Про собак на сене она знала не понаслышке, ибо в ее родном мире с изобилием хватало и собак при каждом дворе, и сена.

С тех пор прошло много лет, по прикидкам Лои – целая вечность. Она даже не могла бы точно сказать сама, сколько ей сейчас лет. Внешне ей можно было дать в равной мере и двадцать пять, и под сорок. Лоя была тонкой, болезненно худощавой женщиной с острыми локтями, скулами и подбородком. Среднего роста, с бледно-серой кожей, она запросто могла сойти за бесплотного призрака – если бы не была излишне активной и горластой. Уж что-что, а характер у нее был, порой даже слишком напористый и хамоватый. Возможно, именно благодаря своему характеру эта хрупкая женщина не затерялась однажды среди серой массы рабов, захваченных Повелителями Ночи на одном довольно-таки отсталом имперском мире.

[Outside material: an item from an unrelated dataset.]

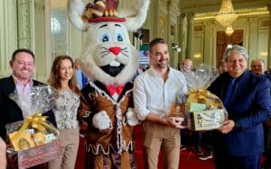 O governador do Rio Grande do Sul, Eduardo Leite, e o secretário estadual do Turismo, Ronaldo Santini, receberam a comitiva de Gramado nesta segunda-feira, dia 24, para a entrega do convite para a ChocoPáscoa Gramado, que ocorre de 28 de março a 21 de abril. O prefeito de Gramado, Nestor Tissot, e a presidente da Gramadotur, Rosa Helena Volk, foram acompanhadas do coelho Pascoalino, mascote do evento, até o Palácio Piratini, em Porto Alegre. Além do convite oficial, as lideranças estaduais foram presenteadas com cestas de Páscoa preparadas pela Associação dos Chocolateiros de Gramado (Achoco).
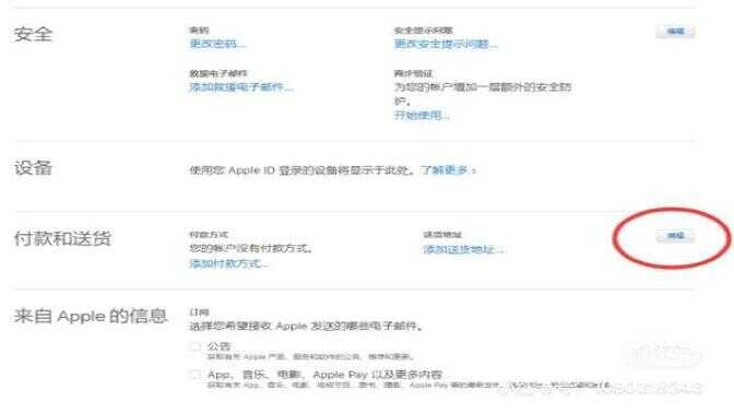 4, 回到苹果官网,右上角点账户,账户设置找到管理Apple ID,往下拉找到“付款和送货”这个大的项目,点击右侧的“编辑”.

Некогда у нее были красивые черные волосы длиной ниже пояса, идеально прямые и тяжелые, предмет ее личной гордости. С тех пор многое изменилось, симпатичная загорелая девушка заметно похудела, осунулась, побледнела, в живых черных глазах погас огонек, а некогда роскошные волосы, теперь заметно поредевшие, были неровно острижены ножом совсем коротко, под мальчишку. Ногти на тонких пальцах потрескались и пожелтели, узкие губы совсем потеряли цвет, прежнее хрупкое изящество ее облика стало каким-то угловатым, неряшливым, неказистым. Да и возраст давал о себе знать периодической ломотой в пояснице, не говоря уже о головных болях.

Впрочем, несмотря на длительное существование в довольно-таки скотских условиях, Лоя по-прежнему оставалась женщиной. Со своими женскими потребностями. У нее сохранилось стремление выглядеть опрятно, желание вымыть руки и лицо перед сном, а также зависимость от чужого мнения. Она видела, что представляют собой женщины, влачащие жалкое существование на нижних палубах, среди грязи, нищеты и преступности. Это были сломленные, сгорбленные женщины, исхудавшие от недоедания или наоборот непомерно растолстевшие от каких-то болезней, в рваных грязных одеждах, с редкими спутанными волосами, с рано постаревшей кожей, но самым мерзким в их облике был запах, удушливый запах многолетней грязи и пота. Женщины и мужчины жили там, в кромешной тьме, питались отбросами, дрались за выбрасываемые более привилегированным населением вещи, но при этом умудрялись каким-то образом размножаться. Лоя не представляла себе, при каких обстоятельствах у этих людей мог быть зачат ребенок и тем более выношен, но она определенно видела на нижних палубах детей. Немного, но несколько младенцев и более-менее подросших детишек точно были.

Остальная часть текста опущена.